:: What you should do ::
Print all of the data exactly, but drop the pictures.

:: Source data ::

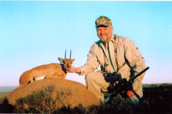 Day 3: July 15th. The evening before, we had spotted a nice Steenbok just at dusk. Meyrick advised me that he would most likely be with a female, and remain in the immediate area. On the morning of the 15th we returned to the area and I had just noticed the old stone fence where I had seen him the evening before when a female Steenbok jumped up out of the grass. Right after her was the same male I had seen previously. I exited the truck, pulled my .223 out of the case and bolted a round into the chamber. The Steenbok bounded uphill and stopped and a rock ledge, observing us down below. I adjusted my Bipod and centered just behind his shoulder. Range was 141 yards. I fired and zipped right over his back...he stood there. Lowering my crosshairs to the bottom of his chest, I squeezed the trigger and "Thump!" He crumpled. Again, the 60gr Nosler Partition went through this very small Antelope and did mimimal damage to the skin. I'm having him mounted lifesize; standing on a rock ledge for a wall mount. To be continued.....
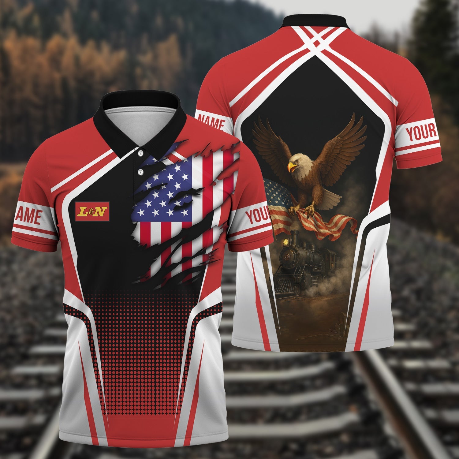 Railspirit Personalized Louisville and Nashville Railroad Polo Shirt American Eagle Vintage Train L&N Shirt
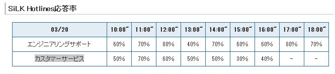 ちなみにDTIのカスタマーサービスは応答率を1時間ごとに表にして、1日ごとにグラフにして教えてくれます。
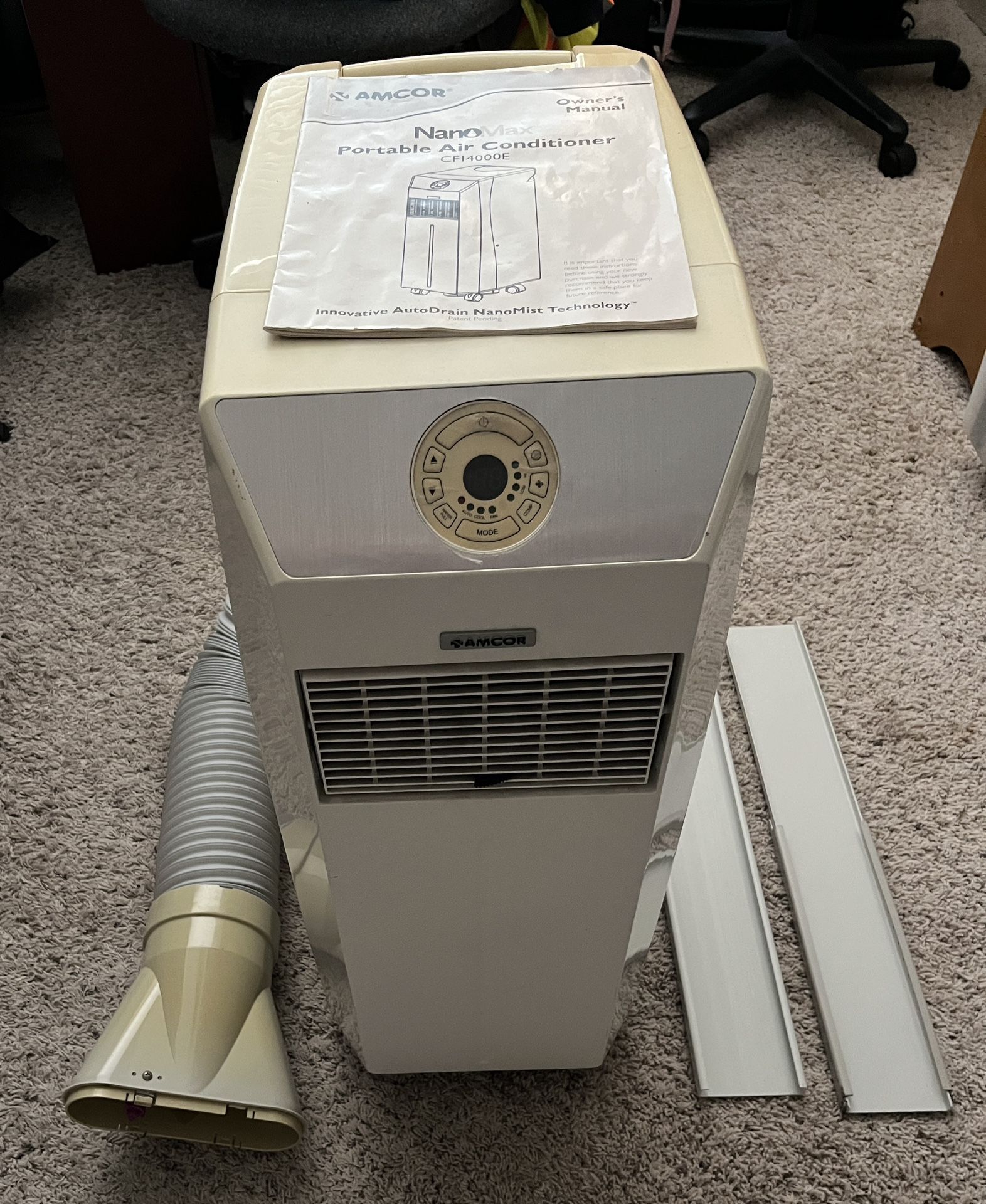 Used Amcor portable A/C unit, works well. Comes with new hose, exhaust hose window slide bar connector, adjustable window slide bar and manual.
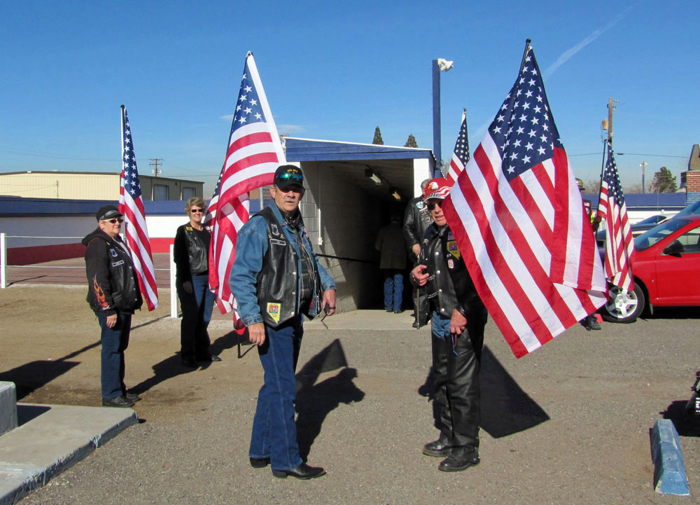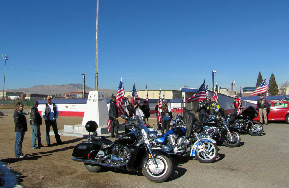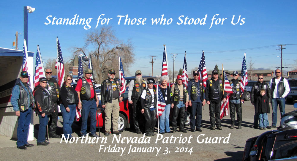 This day, Nor Cal PGR members from Alturas, Susanville and Truckee, CA stood shoulder to shoulder with PGR members from Fallon, Silver Springs, Sparks and Reno, NV to form a thirteen member flag line prior to the memorial service honoring fallen US Navy veteran Brent Butler.

:: Solution to the exercise ::
 Day 3: July 15th. The evening before, we had spotted a nice Steenbok just at dusk. Meyrick advised me that he would most likely be with a female, and remain in the immediate area. On the morning of the 15th we returned to the area and I had just noticed the old stone fence where I had seen him the evening before when a female Steenbok jumped up out of the grass. Right after her was the same male I had seen previously. I exited the truck, pulled my .223 out of the case and bolted a round into the chamber. The Steenbok bounded uphill and stopped and a rock ledge, observing us down below. I adjusted my Bipod and centered just behind his shoulder. Range was 141 yards. I fired and zipped right over his back...he stood there. Lowering my crosshairs to the bottom of his chest, I squeezed the trigger and "Thump!" He crumpled. Again, the 60gr Nosler Partition went through this very small Antelope and did mimimal damage to the skin. I'm having him mounted lifesize; standing on a rock ledge for a wall mount. To be continued.....
 Railspirit Personalized Louisville and Nashville Railroad Polo Shirt American Eagle Vintage Train L&N Shirt
 ちなみにDTIのカスタマーサービスは応答率を1時間ごとに表にして、1日ごとにグラフにして教えてくれます。
 Used Amcor portable A/C unit, works well. Comes with new hose, exhaust hose window slide bar connector, adjustable window slide bar and manual.
 This day, Nor Cal PGR members from Alturas, Susanville and Truckee, CA stood shoulder to shoulder with PGR members from Fallon, Silver Springs, Sparks and Reno, NV to form a thirteen member flag line prior to the memorial service honoring fallen US Navy veteran Brent Butler.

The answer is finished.